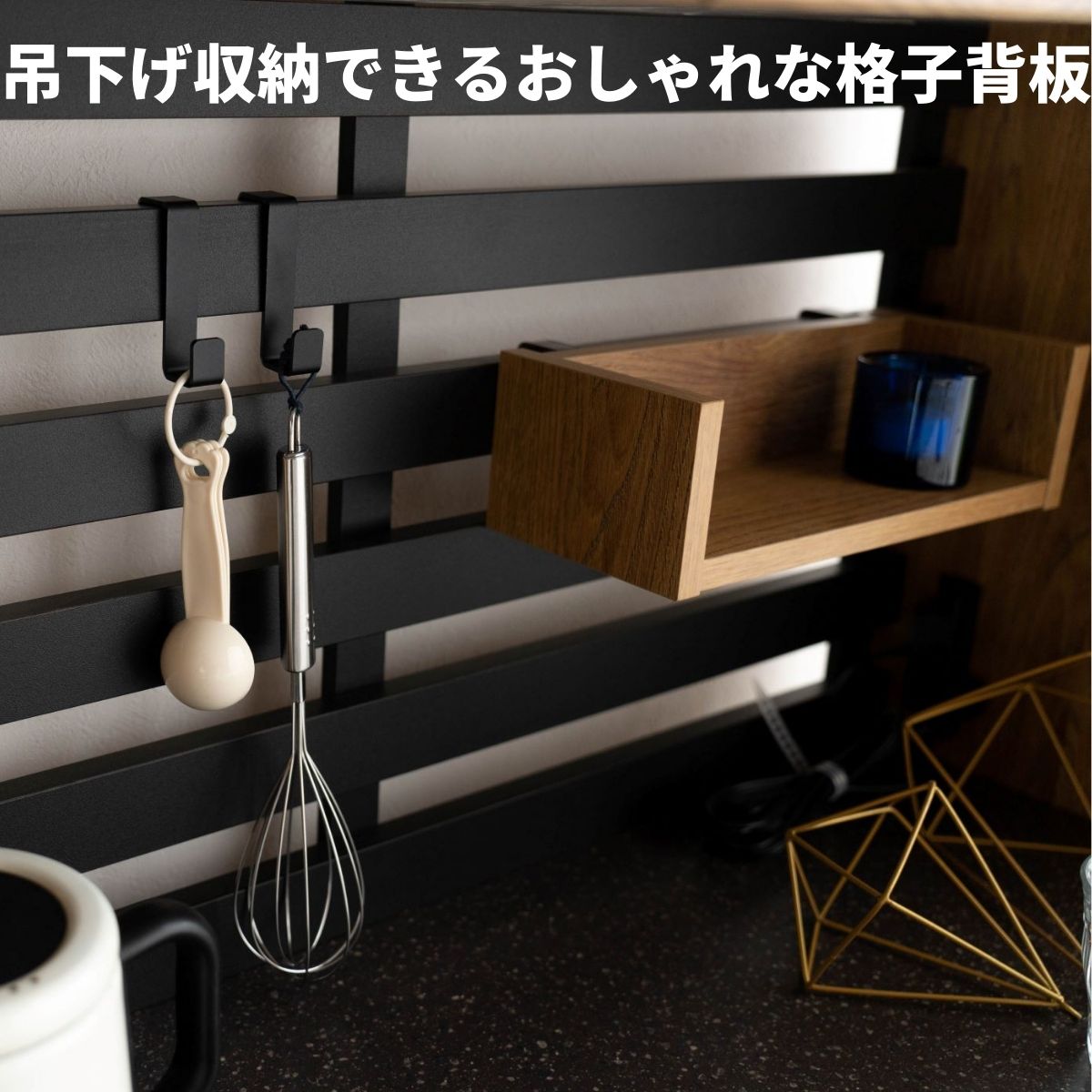 この食器棚だと、食器棚の背板部分を横格子にし吊下げ金具も付属で付いてくるので、手軽に吊下げ収納できます。
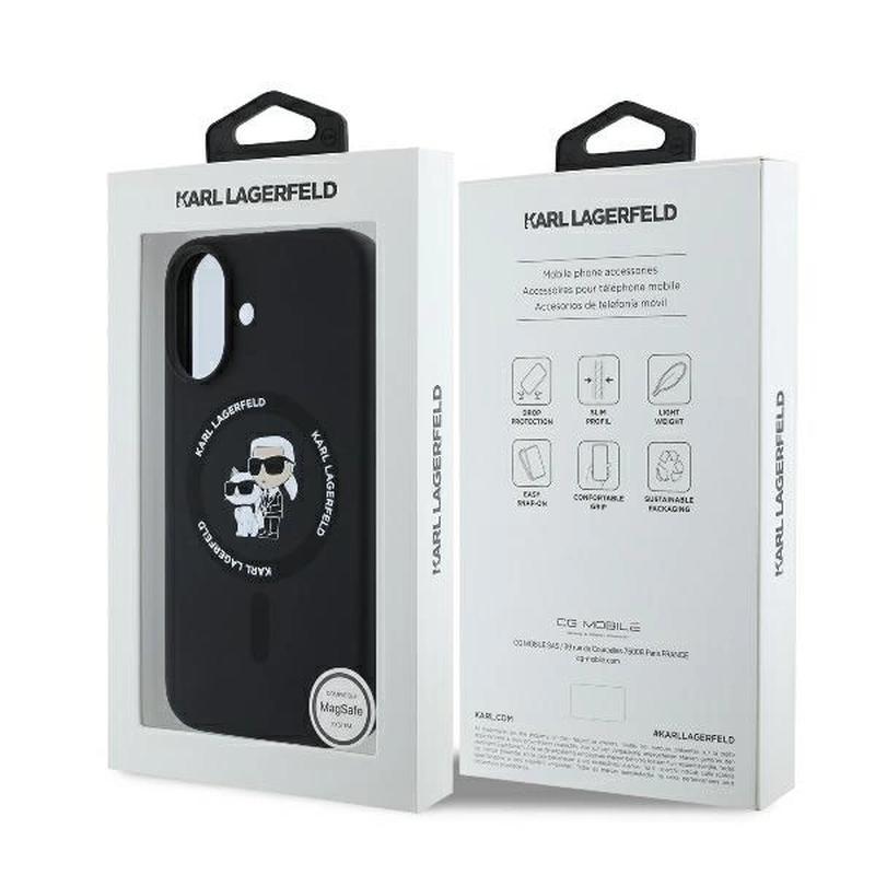Elevate your iPhone 16 Plus with the Karl Lagerfeld Liquid Silicone MagSafe Case, featuring an iconic design of Karl and Choupette. Crafted from premium liquid silicone, this case offers a soft-touch finish and superior protection against scratches and impacts. The sleek black design, combined with MagSafe compatibility, ensures that your phone remains stylish and functional, allowing for easy use with MagSafe accessories. This case is the perfect blend of fashion and practicality, making it a must-have for any Karl Lagerfeld fan.
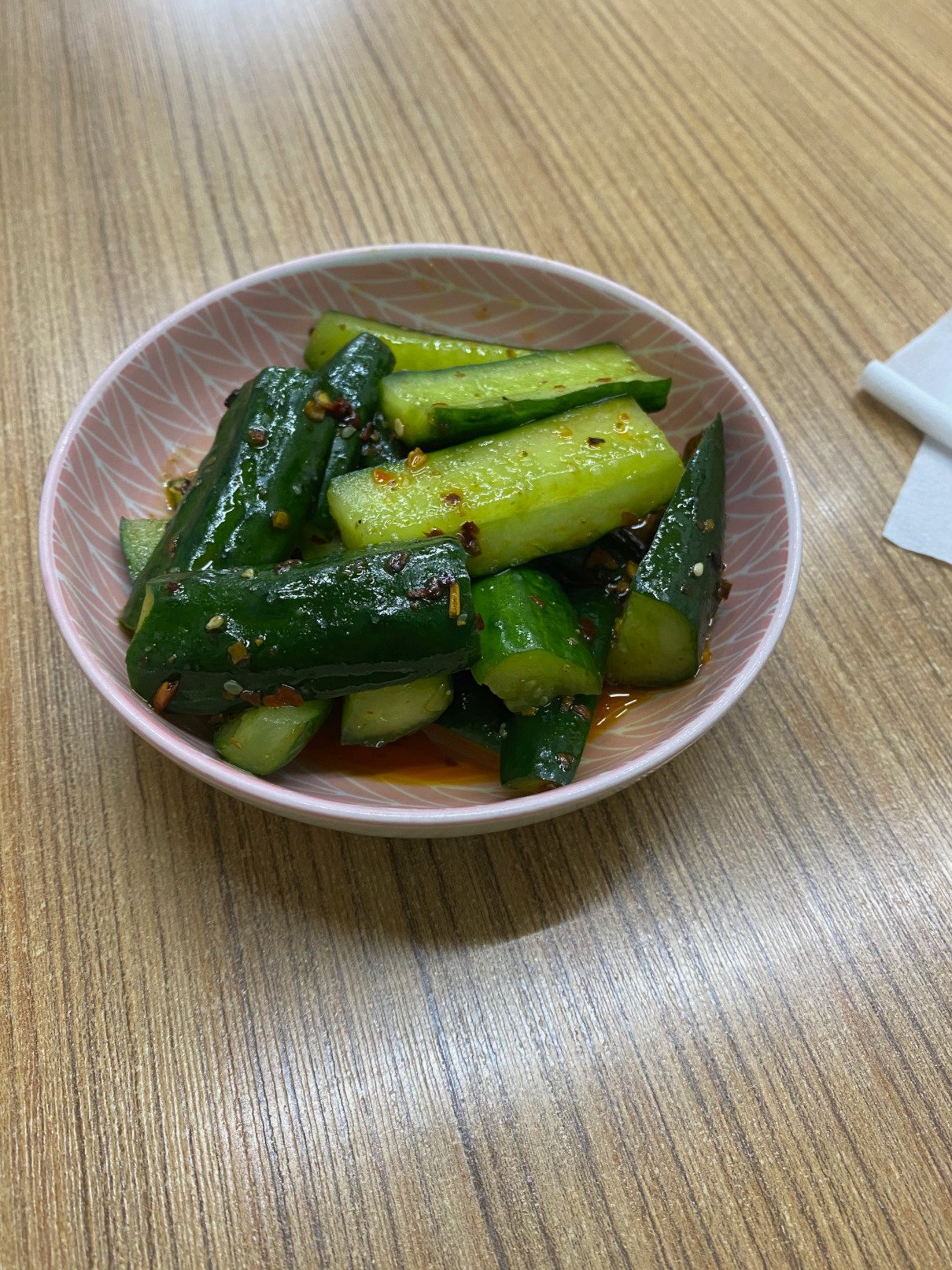 One of my personal favorites, cucumber is most often (and most deliciously) cut up and mixed with salt, vinegar, pepper, and other ingredients to make a tangy, slightly spicy mix. This is called 涼拌小黃瓜 (liáng bàn xiǎo huáng guā).

(Exercise brief): Skipping any pictures, transcribe the full listing exactly.

(Output for this exercise):
 この食器棚だと、食器棚の背板部分を横格子にし吊下げ金具も付属で付いてくるので、手軽に吊下げ収納できます。
Elevate your iPhone 16 Plus with the Karl Lagerfeld Liquid Silicone MagSafe Case, featuring an iconic design of Karl and Choupette. Crafted from premium liquid silicone, this case offers a soft-touch finish and superior protection against scratches and impacts. The sleek black design, combined with MagSafe compatibility, ensures that your phone remains stylish and functional, allowing for easy use with MagSafe accessories. This case is the perfect blend of fashion and practicality, making it a must-have for any Karl Lagerfeld fan.
 One of my personal favorites, cucumber is most often (and most deliciously) cut up and mixed with salt, vinegar, pepper, and other ingredients to make a tangy, slightly spicy mix. This is called 涼拌小黃瓜 (liáng bàn xiǎo huáng guā).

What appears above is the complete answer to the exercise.